CYNTHIA J KOELKER , MD is a board-certified family physician with over twenty years of clinical experience. A member of American Mensa, Dr. Koelker holds degrees in biology, humanities, medicine, and music from M.I.T., Case Western Reserve University School of Medicine, and the University of Akron. She served in the National Health Service Corps to finance her medical education.
This entry was posted in Bites-insect-bug-tick, Injuries, Medical archives, Perennial Favorites, Photo Quiz Questions, Rash, Skin, Skin infection, Symptoms and tagged , . Bookmark the permalink.

8 Responses to Photo Quiz Question – Q.004

  1. Marcus B says:

    I have 2600 blast bandages – still in date.
    I can get hundreds of 6″ Israeli bandeges – still in date.

    Next Thursday 7/18/2013 hundreds of Civil Defense survey meters will be sold at auction in Missouri.
    Also at auction are hundreds of dosimeter rechergers and thousands of dosimeters.

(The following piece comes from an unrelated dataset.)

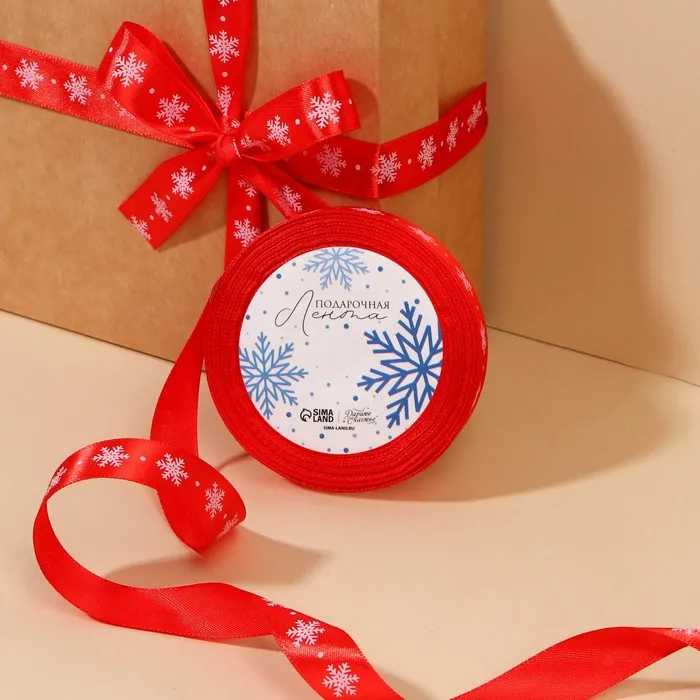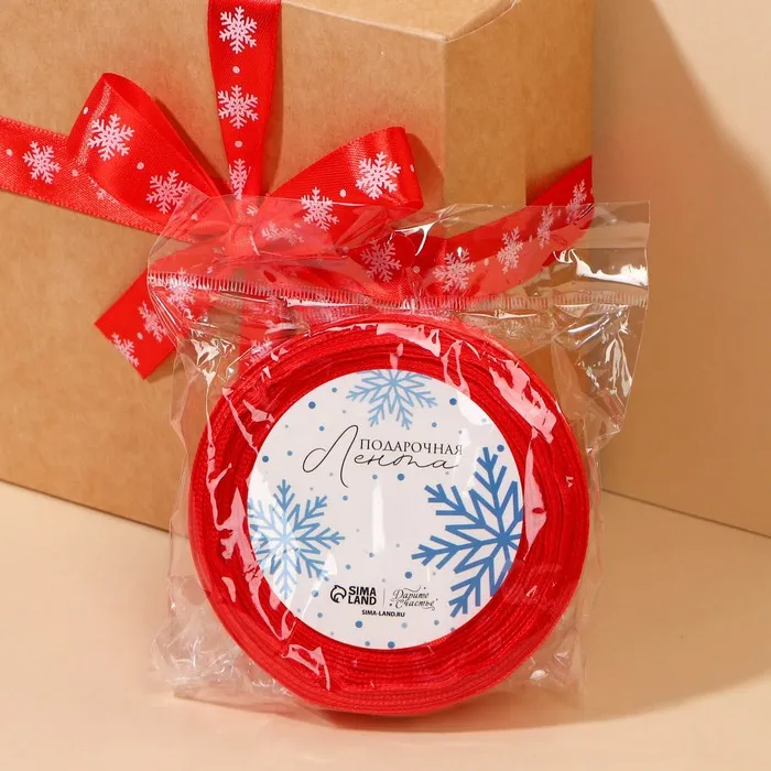 Лента атласная «Снежинки», красная, 2 см × 25 ярдов (22,5 м) — Характеристики
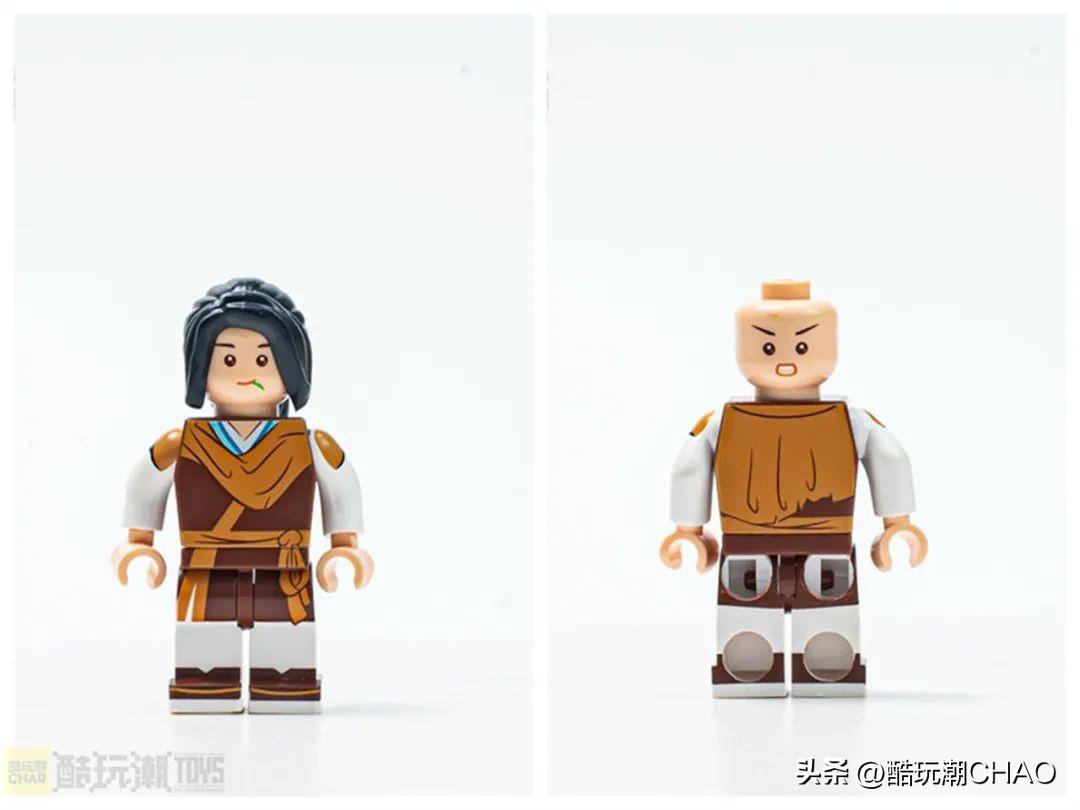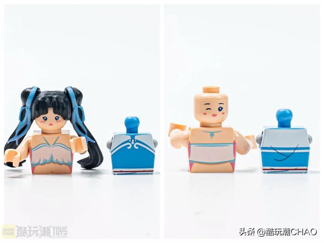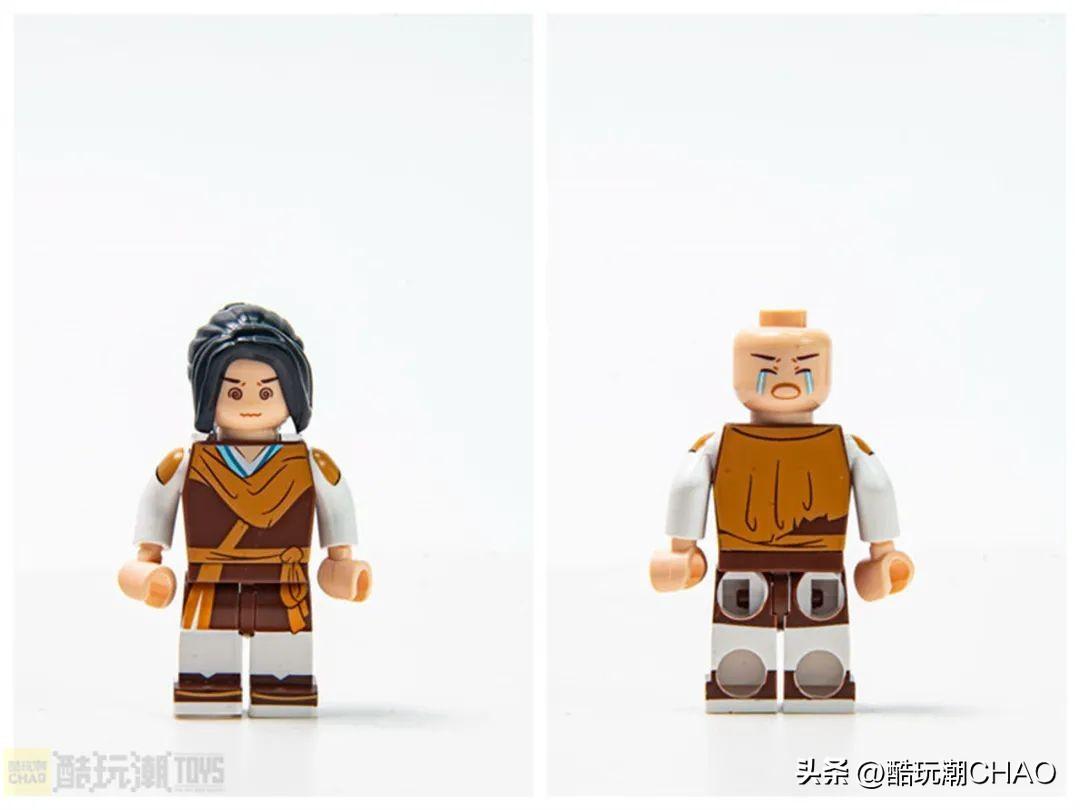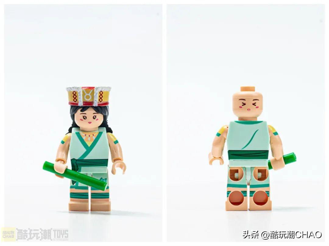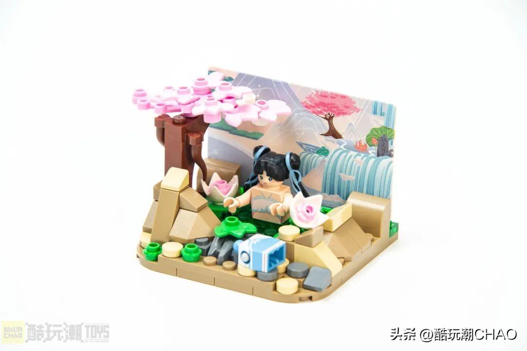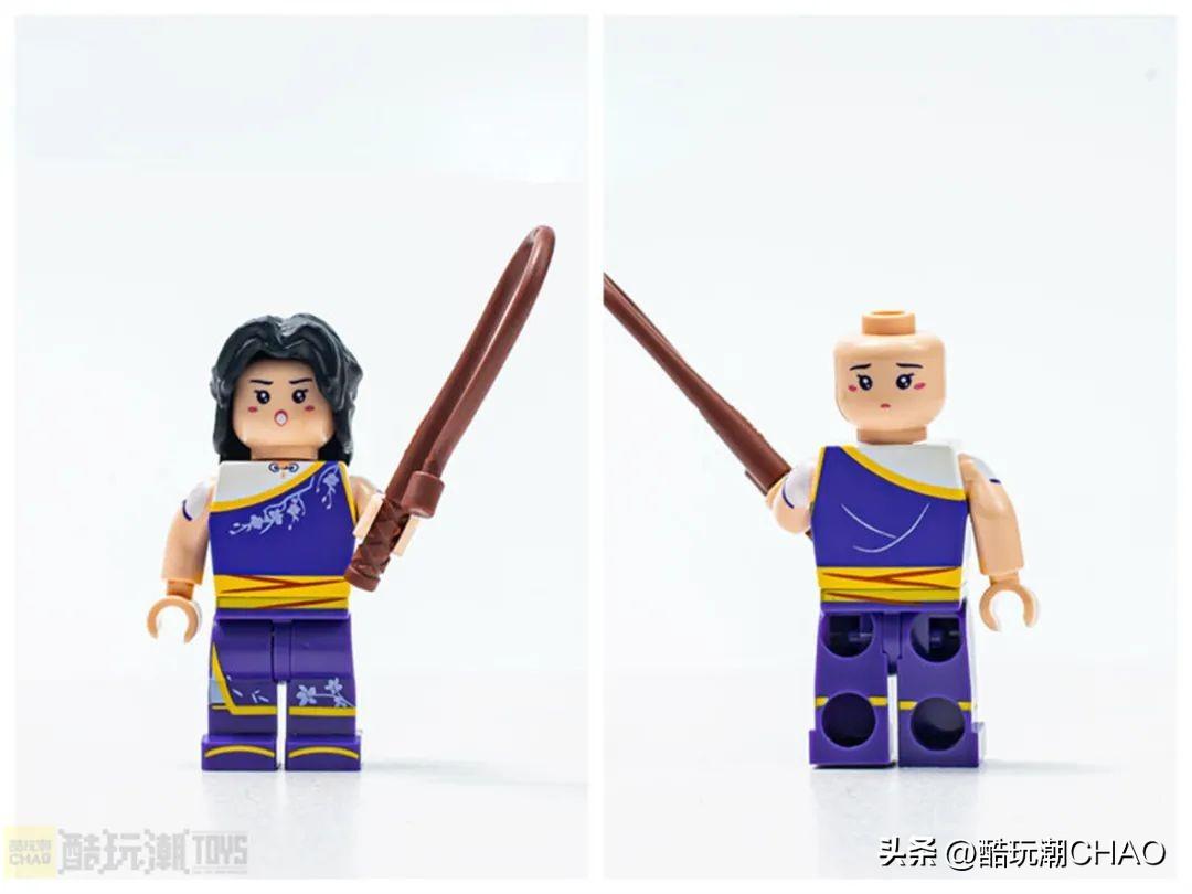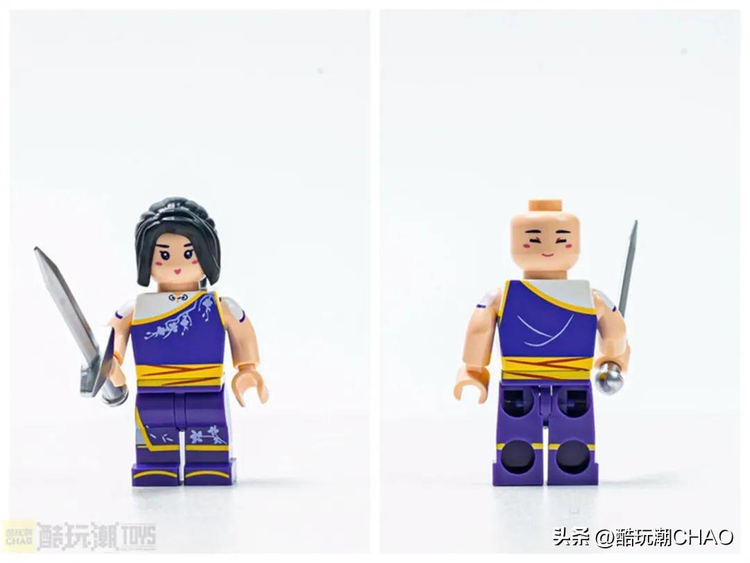 套装里出现了两个赵灵儿的人仔,按照拼装顺序,首先出现的是在仙灵岛洗澡的赵灵儿。人仔没有腿部,直接放在场景里,代表正在洗澡情景。配有一个人仔身体,代表放在岸边的衣服。同时还有洗澡时被李逍遥发现的娇羞和微笑的双面表情。

    Do you know of anyone interested in either of these types of things?

  2. Larry says:

    The bulls-eye rash tells it all: Lyme Disease.

  3. Michelle says:

    I have absolutely no idea. I would get a bee sting kit if he said he had a bee sting. Of course, I don’t know what a bee sting kit is either.

    I do not think he is contagious because the ring around the injury does indicate a sting.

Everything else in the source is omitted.